Task inputs -
----

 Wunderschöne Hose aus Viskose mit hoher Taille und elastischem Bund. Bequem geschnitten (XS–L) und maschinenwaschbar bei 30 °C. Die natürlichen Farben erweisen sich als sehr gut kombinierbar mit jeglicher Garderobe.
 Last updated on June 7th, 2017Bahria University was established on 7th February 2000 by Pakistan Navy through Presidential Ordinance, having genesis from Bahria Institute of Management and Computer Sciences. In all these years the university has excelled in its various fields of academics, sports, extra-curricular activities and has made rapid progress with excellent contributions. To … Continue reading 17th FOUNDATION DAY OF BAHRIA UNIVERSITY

----

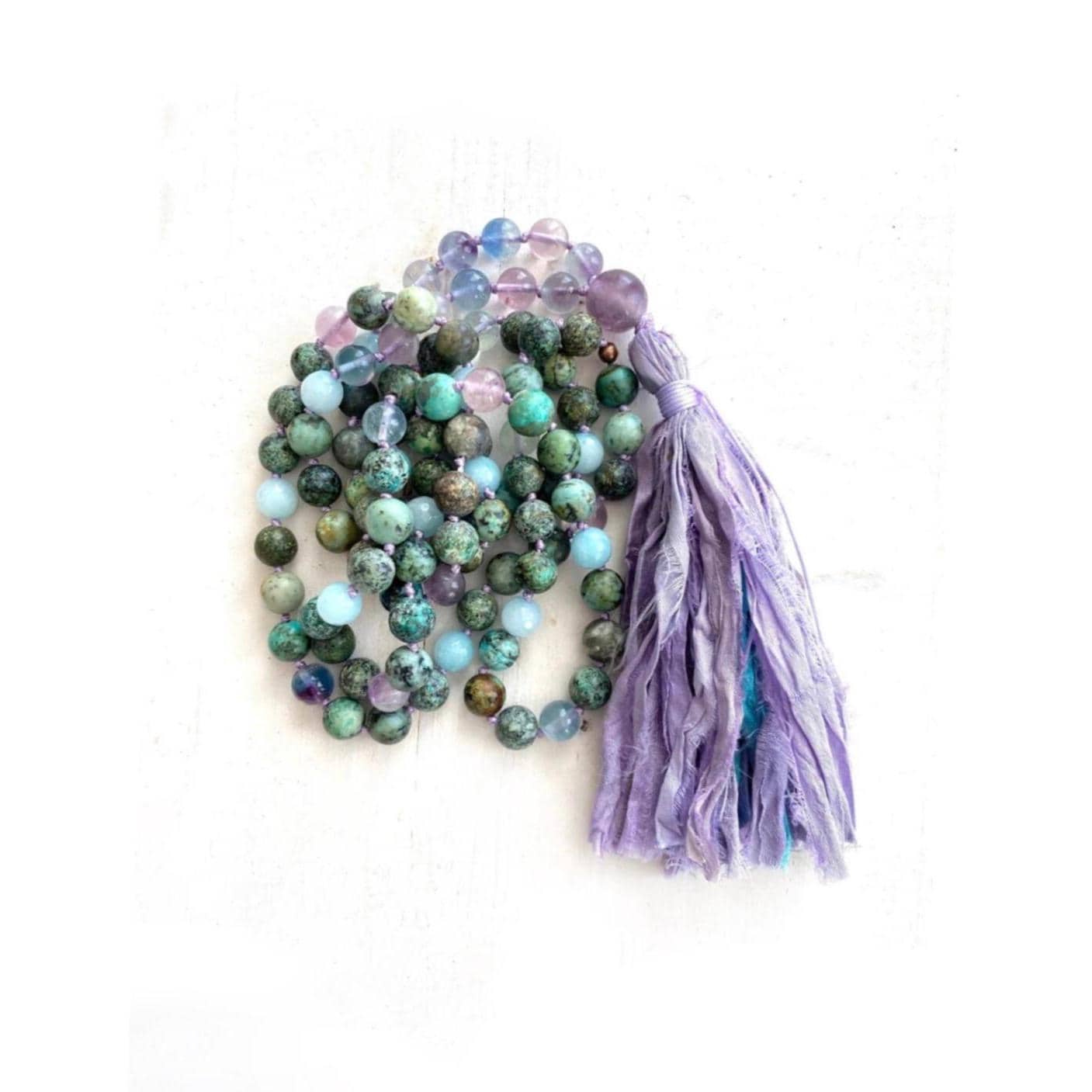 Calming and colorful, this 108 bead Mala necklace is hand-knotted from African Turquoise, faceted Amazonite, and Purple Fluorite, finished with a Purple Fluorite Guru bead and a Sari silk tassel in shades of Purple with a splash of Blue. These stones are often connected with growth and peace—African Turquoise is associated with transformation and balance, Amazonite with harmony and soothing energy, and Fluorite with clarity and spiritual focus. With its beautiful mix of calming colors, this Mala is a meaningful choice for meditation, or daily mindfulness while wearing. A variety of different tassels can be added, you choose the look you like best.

----

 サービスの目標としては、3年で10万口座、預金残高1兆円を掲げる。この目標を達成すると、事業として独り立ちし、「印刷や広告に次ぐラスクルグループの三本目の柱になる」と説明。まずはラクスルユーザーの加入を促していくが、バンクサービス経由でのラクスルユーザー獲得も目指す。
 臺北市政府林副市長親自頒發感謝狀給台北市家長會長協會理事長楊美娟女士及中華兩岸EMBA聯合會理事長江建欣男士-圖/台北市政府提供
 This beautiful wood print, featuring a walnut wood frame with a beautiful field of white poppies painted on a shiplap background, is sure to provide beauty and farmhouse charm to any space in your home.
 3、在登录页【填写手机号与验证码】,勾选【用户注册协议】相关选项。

----

Among the records above, extract exactly the lines from the line with "Wunderschöne Hose aus" to the line with "Last updated on", both lines included, and leave out the rest.

 Wunderschöne Hose aus Viskose mit hoher Taille und elastischem Bund. Bequem geschnitten (XS–L) und maschinenwaschbar bei 30 °C. Die natürlichen Farben erweisen sich als sehr gut kombinierbar mit jeglicher Garderobe.
 Last updated on June 7th, 2017Bahria University was established on 7th February 2000 by Pakistan Navy through Presidential Ordinance, having genesis from Bahria Institute of Management and Computer Sciences. In all these years the university has excelled in its various fields of academics, sports, extra-curricular activities and has made rapid progress with excellent contributions. To … Continue reading 17th FOUNDATION DAY OF BAHRIA UNIVERSITY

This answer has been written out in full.